If that’s you, then look out – you might get dinged $450 for your fatuity.
But probably not.
As with many bylaws in this city, we have no effective way of enforcing the rules. Unless you’re parked on the wrong side of the street two minutes longer than you should, we don’t do tickets.
Have you ever seen a litterer slapped on the wrist? Or a spitter? An idler? Or a jaywalker?
Box blockers are a pest. I remember weaving around a semi-tractor trailer at York and Front and passing one of those impotent intersection cops in the middle of the road. When I asked him to give the numpty a ticket, he just shrugged his shoulders and ushered me across.
I’m a little wistful for the intersection cop. Remember those orange-vested automatons John Tory rolled out after his mayoral inauguration? They milled about for a few weeks looking left and right, scratching their heads and peeping their whistles. Then they went away.
I suppose the intersection cop made me feel a little safer – you feel safer walking towards oncoming traffic and certain death accompanied by a bewildered bloke in a Day Glo jacket.
While Tory’s approach was to blitz the box, Olivia Chow prefers to wield the big stick. $450 is a hefty fine, but who’s she going to hit with it?
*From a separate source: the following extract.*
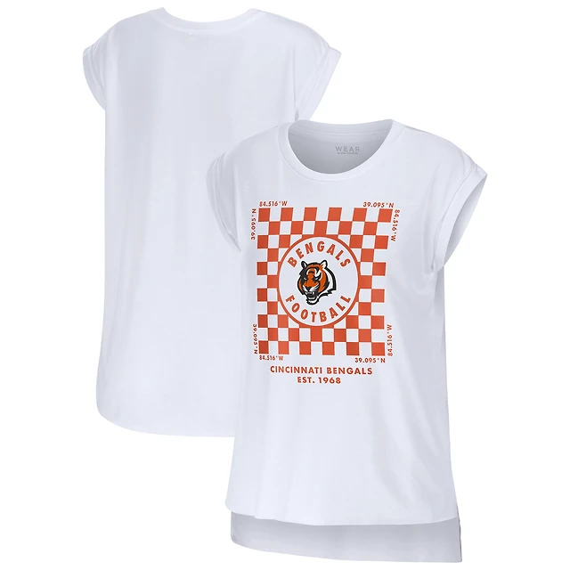 Women's WEAR by Erin Andrews White Cincinnati Bengals Checker Muscle Tank Top

Cameras seem like an obvious trap, but evidently Torontonians are wary of them. This city is so indictment-averse that we put-up signs everywhere warning about the few cameras we have: ‘Red Light Camera Ahead!’
Aaaaah! Whoops, too late.
But cameras are a proven method for enforcing traffic laws. They are not an invasion of privacy – they are hanging off stanchions on public streets. We are being watched everywhere we go.
What difference does it make if a faceless clerk in a remote control centre swivels the lens around to capture your tag as you drive into the intersection to block that granny shuffling to the other side?
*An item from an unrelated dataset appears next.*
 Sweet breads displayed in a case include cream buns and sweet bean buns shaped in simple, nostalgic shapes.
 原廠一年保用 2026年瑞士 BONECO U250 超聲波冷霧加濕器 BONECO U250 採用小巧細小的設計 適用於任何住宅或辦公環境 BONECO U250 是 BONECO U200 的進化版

Toothless bylaws are the bane of this city. I remember calling in a 6 a.m. noise complaint as a condo contractor revved up his crane an hour and half early at the bottom of my street. A bylaw officer called back two weeks later:
‘Are they still there?’
Cars idle all the time on my street. Who am I going to call?
I know who to call if I hear a gas-powered leaf blower grind to life as lawns get their annual coatings of red, gold and green: Gasbusters! Gasbusters is a citizen group trying to get these odious gadgets out of our lives. I support them whole-heartedly, but once the blowers are banned, who’s going to roll up and un-yank the chains?
Back to the box. Enforcement isn’t the only way to improve intersectional-awareness. Education can help. So can better road design.
In the United Kingdom, busy intersections are painted with a grid. Drivers know not to sit on the grid. When you do, you look conspicuous, like a little rascal with crumbs around his mouth and hand stuck in the cookie jar.
We could also ban right turns on red lights during rush hour. They are one reason so many of the box blockers get antsy and try to sneak across.
It’s great that box blockers are finally in the city’s cross hairs. Now we have to set the snare.